**Exercise description**
From the first line of the data through the line containing "Victor Wembanyama #1", transcribe each line exactly. Pictures do not belong in the copy.

Start of Block

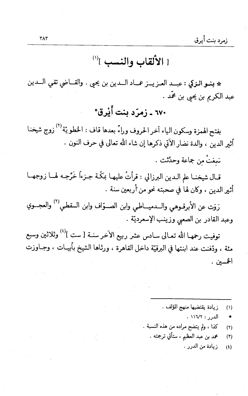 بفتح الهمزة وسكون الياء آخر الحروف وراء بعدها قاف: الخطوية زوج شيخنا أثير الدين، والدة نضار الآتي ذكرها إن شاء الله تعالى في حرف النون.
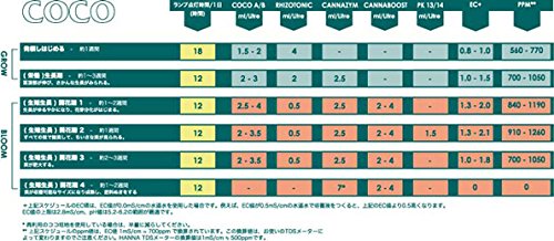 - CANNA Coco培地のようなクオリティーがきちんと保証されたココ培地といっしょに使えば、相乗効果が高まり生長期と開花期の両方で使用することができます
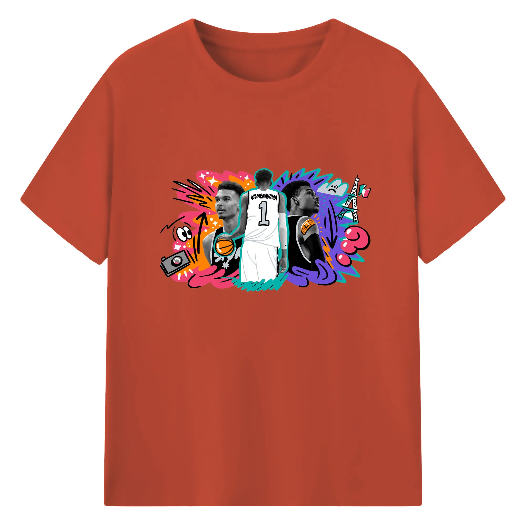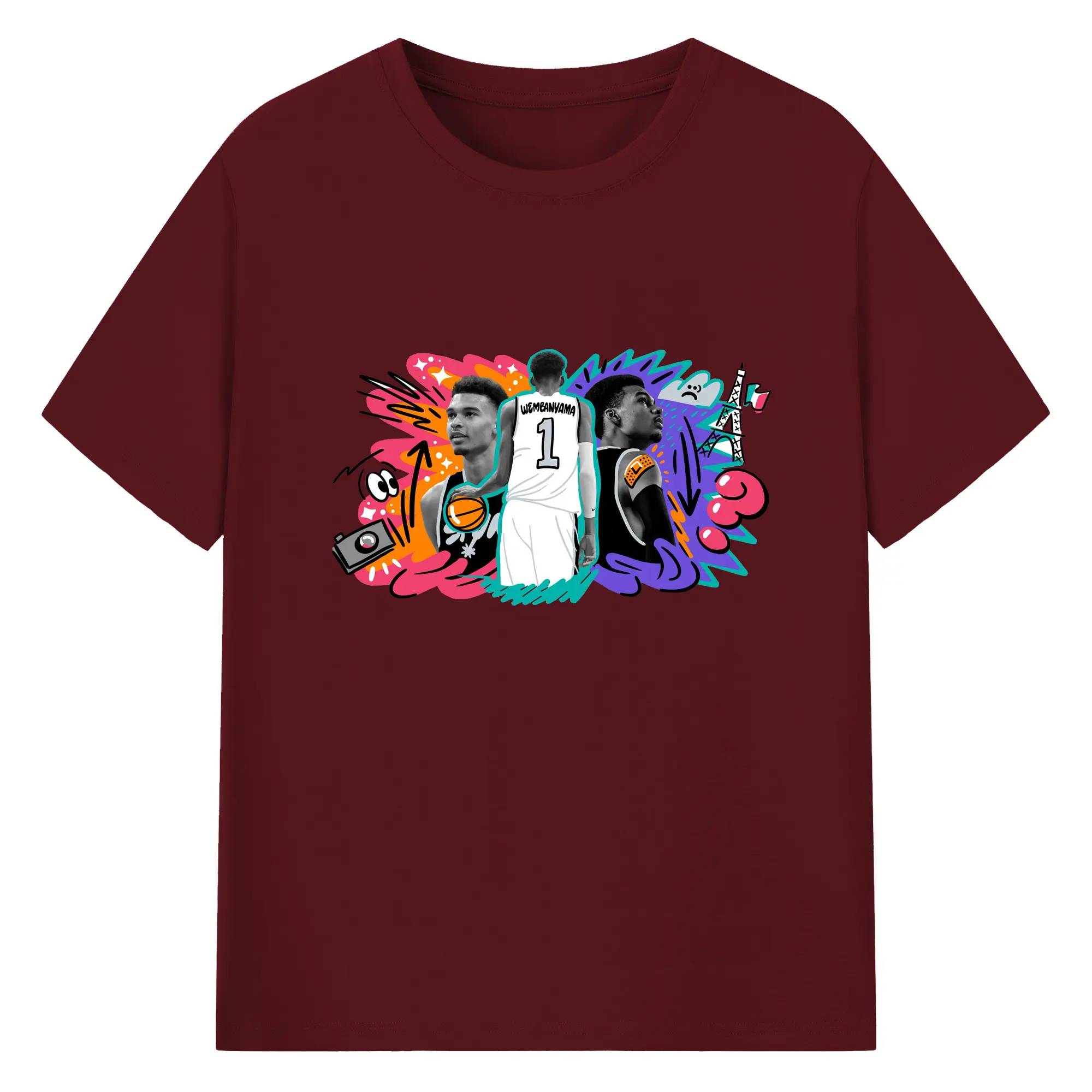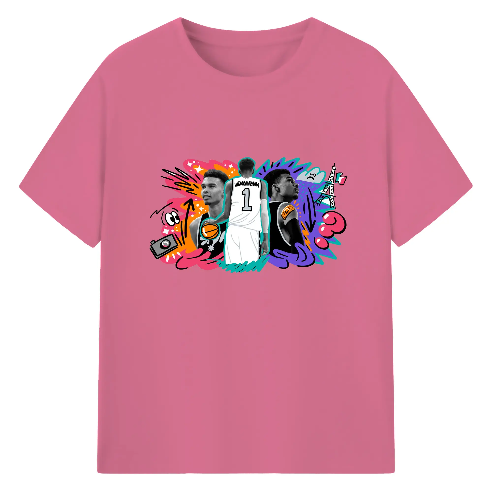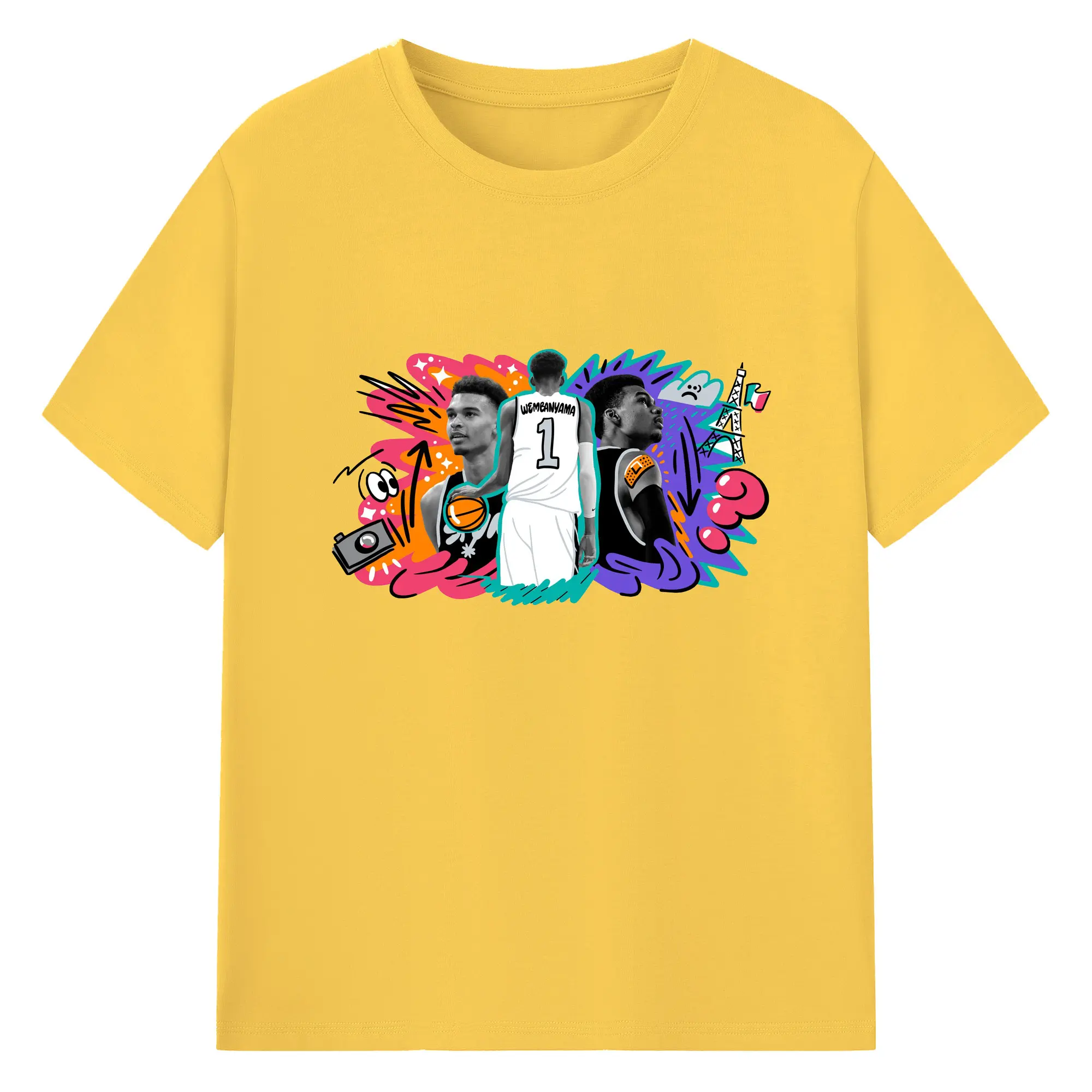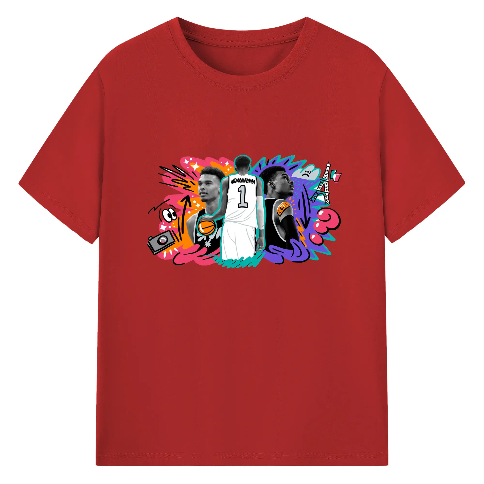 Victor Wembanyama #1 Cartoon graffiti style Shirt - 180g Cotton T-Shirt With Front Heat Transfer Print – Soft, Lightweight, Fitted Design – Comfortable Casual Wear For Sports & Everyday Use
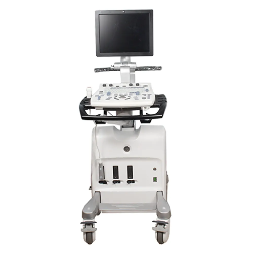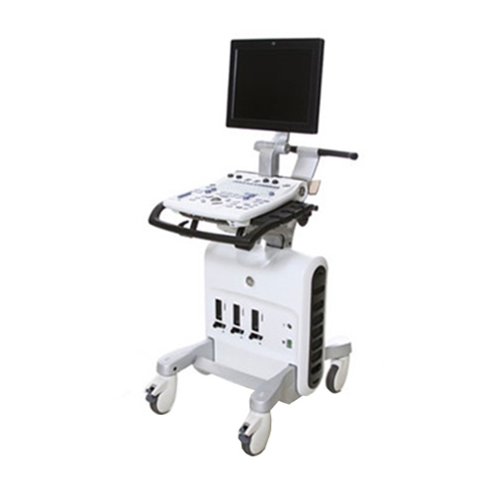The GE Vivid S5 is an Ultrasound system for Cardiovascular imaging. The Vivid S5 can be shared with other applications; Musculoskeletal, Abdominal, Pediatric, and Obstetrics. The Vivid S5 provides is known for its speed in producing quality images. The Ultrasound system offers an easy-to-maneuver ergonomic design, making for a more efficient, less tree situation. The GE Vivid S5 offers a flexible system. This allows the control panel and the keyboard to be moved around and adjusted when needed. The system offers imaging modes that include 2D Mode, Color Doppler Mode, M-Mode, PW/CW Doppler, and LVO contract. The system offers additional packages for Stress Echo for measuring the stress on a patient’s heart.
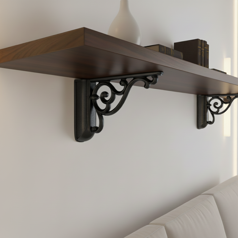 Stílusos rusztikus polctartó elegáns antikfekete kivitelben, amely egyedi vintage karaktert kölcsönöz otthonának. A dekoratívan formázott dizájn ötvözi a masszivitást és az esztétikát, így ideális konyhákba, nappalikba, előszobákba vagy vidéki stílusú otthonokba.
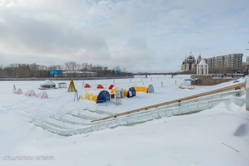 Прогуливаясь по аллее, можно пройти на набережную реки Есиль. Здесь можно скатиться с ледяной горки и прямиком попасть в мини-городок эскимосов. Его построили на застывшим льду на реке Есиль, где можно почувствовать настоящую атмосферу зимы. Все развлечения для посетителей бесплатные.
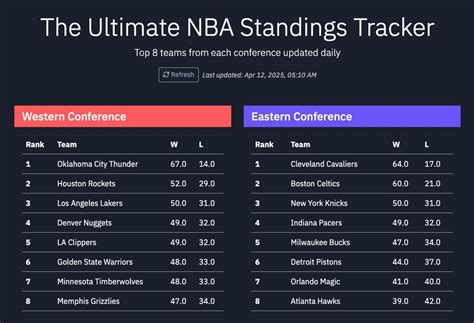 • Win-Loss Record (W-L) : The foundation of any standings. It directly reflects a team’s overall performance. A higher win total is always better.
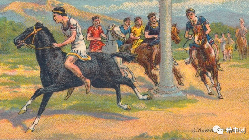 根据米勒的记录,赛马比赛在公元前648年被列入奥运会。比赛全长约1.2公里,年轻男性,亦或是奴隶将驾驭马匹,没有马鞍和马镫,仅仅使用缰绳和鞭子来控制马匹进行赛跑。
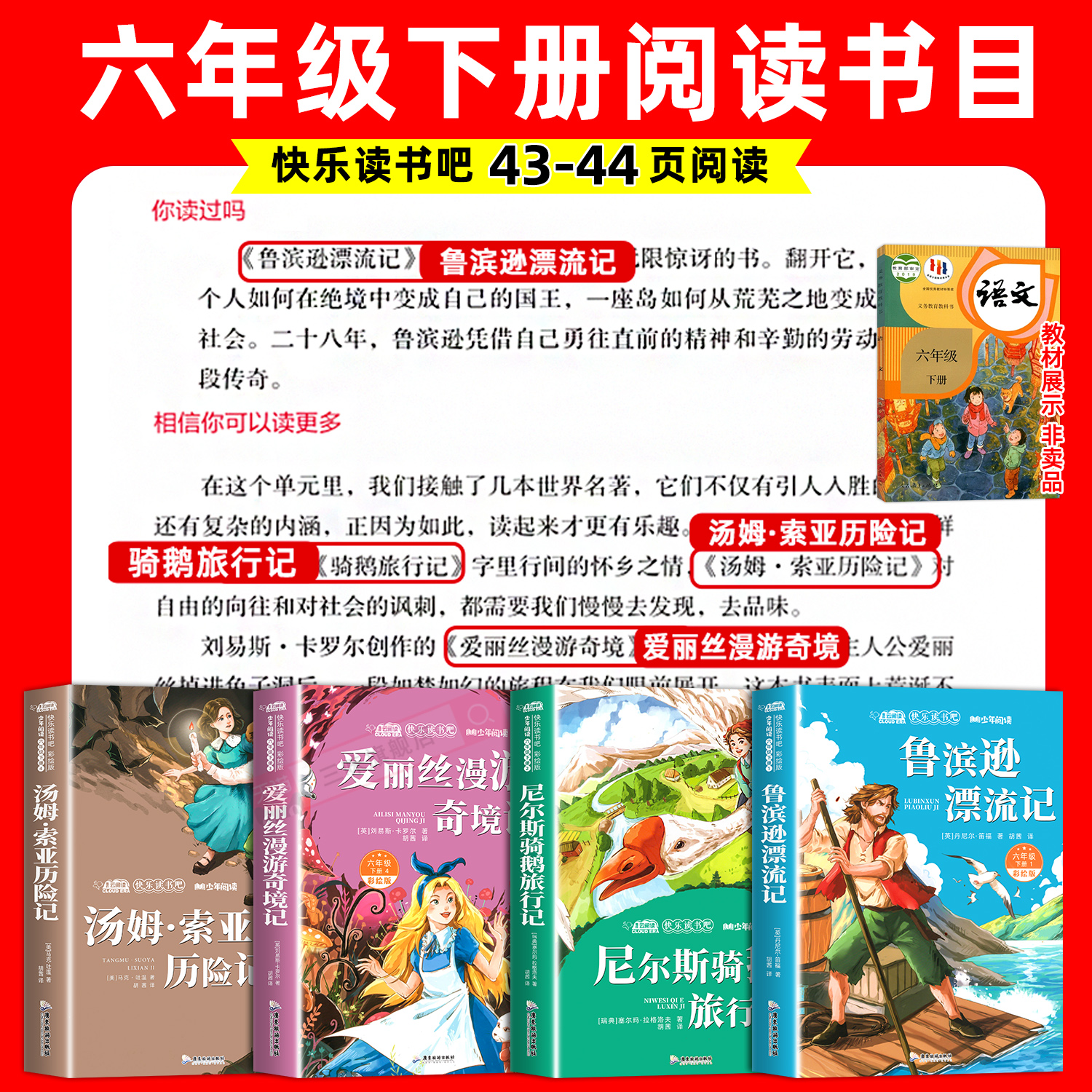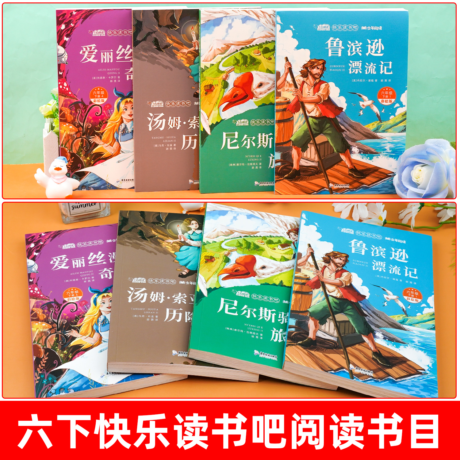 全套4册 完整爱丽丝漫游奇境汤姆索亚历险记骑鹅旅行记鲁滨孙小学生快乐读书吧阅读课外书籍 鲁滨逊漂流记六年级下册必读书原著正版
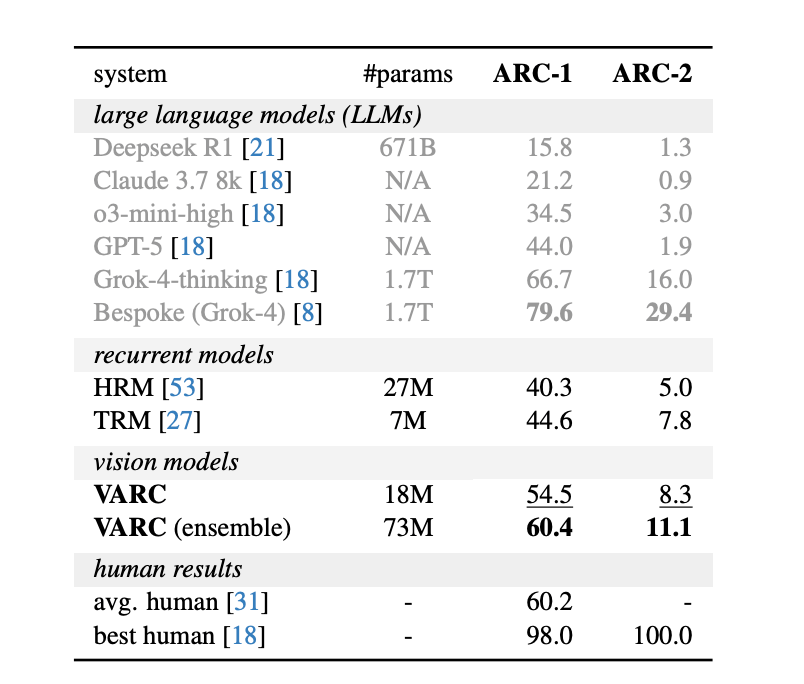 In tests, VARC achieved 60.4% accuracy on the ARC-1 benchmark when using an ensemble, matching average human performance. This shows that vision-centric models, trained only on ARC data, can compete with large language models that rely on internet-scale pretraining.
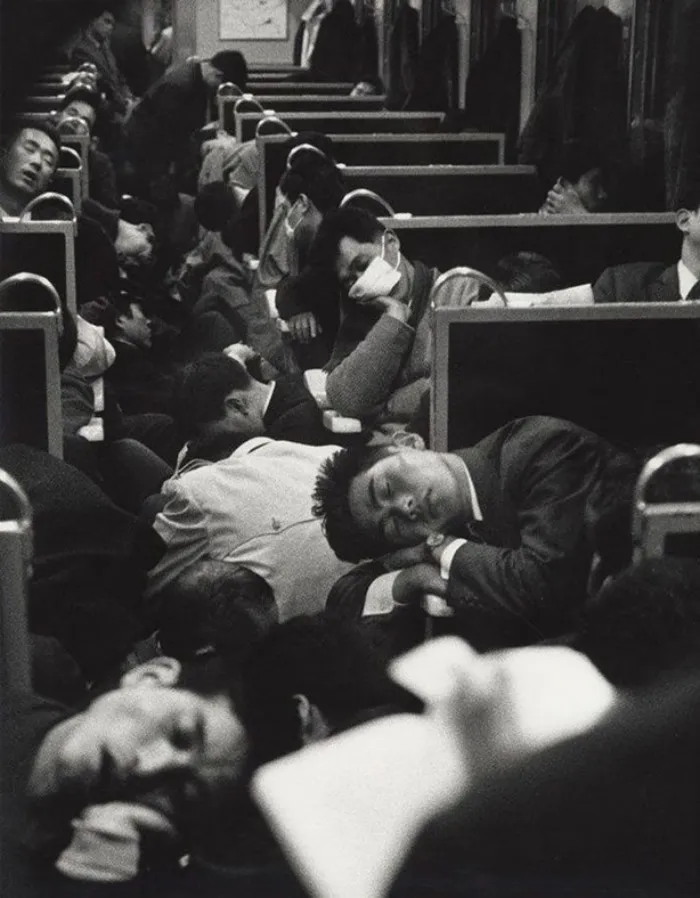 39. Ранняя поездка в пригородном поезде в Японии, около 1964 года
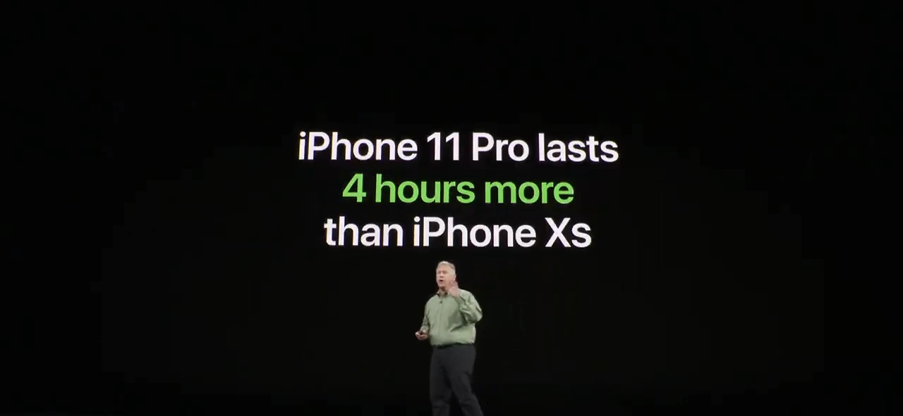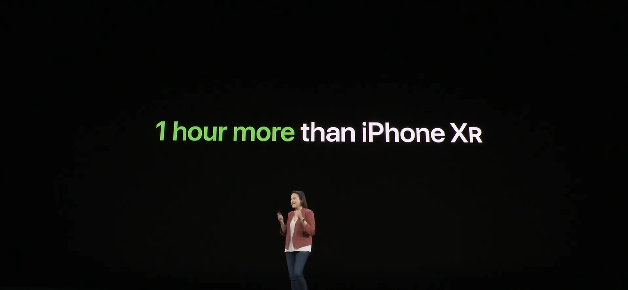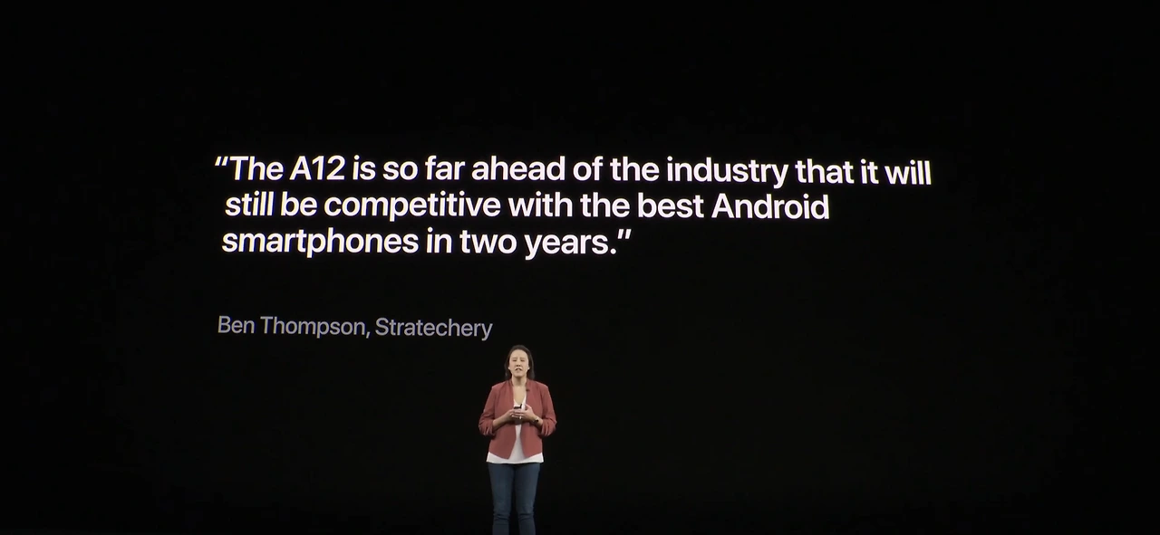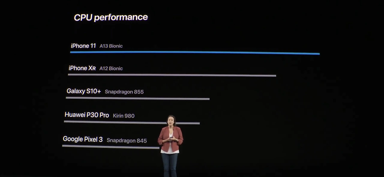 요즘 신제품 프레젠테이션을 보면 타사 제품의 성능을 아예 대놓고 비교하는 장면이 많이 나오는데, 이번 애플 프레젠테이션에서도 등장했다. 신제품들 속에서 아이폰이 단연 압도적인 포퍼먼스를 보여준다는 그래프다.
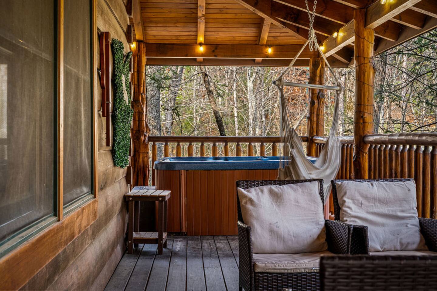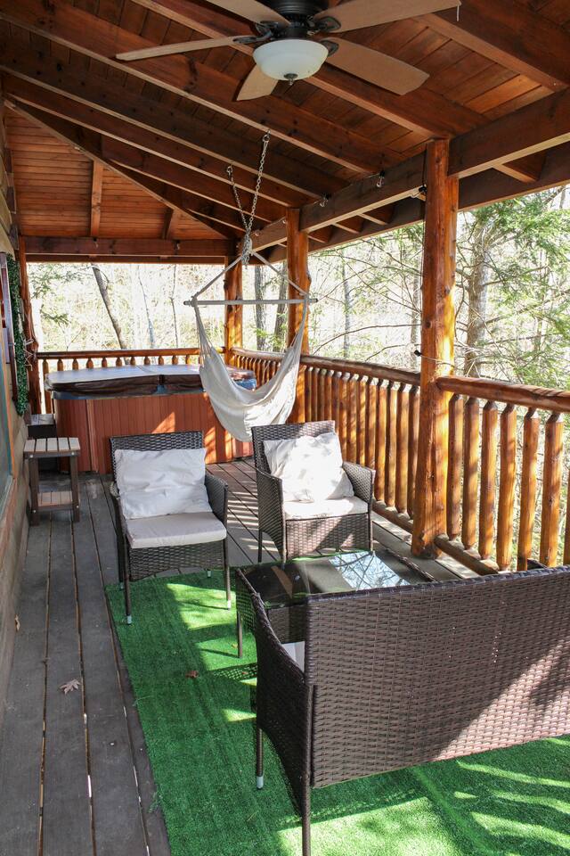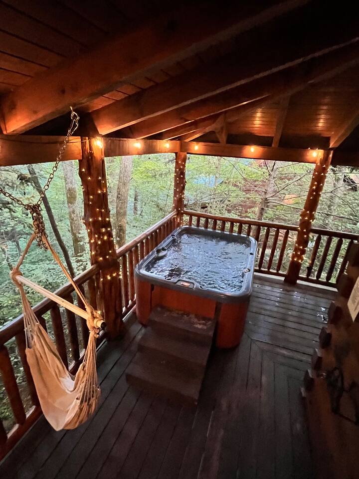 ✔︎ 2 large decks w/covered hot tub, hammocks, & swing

End of Block

**Task solution**
 بفتح الهمزة وسكون الياء آخر الحروف وراء بعدها قاف: الخطوية زوج شيخنا أثير الدين، والدة نضار الآتي ذكرها إن شاء الله تعالى في حرف النون.
 - CANNA Coco培地のようなクオリティーがきちんと保証されたココ培地といっしょに使えば、相乗効果が高まり生長期と開花期の両方で使用することができます
 Victor Wembanyama #1 Cartoon graffiti style Shirt - 180g Cotton T-Shirt With Front Heat Transfer Print – Soft, Lightweight, Fitted Design – Comfortable Casual Wear For Sports & Everyday Use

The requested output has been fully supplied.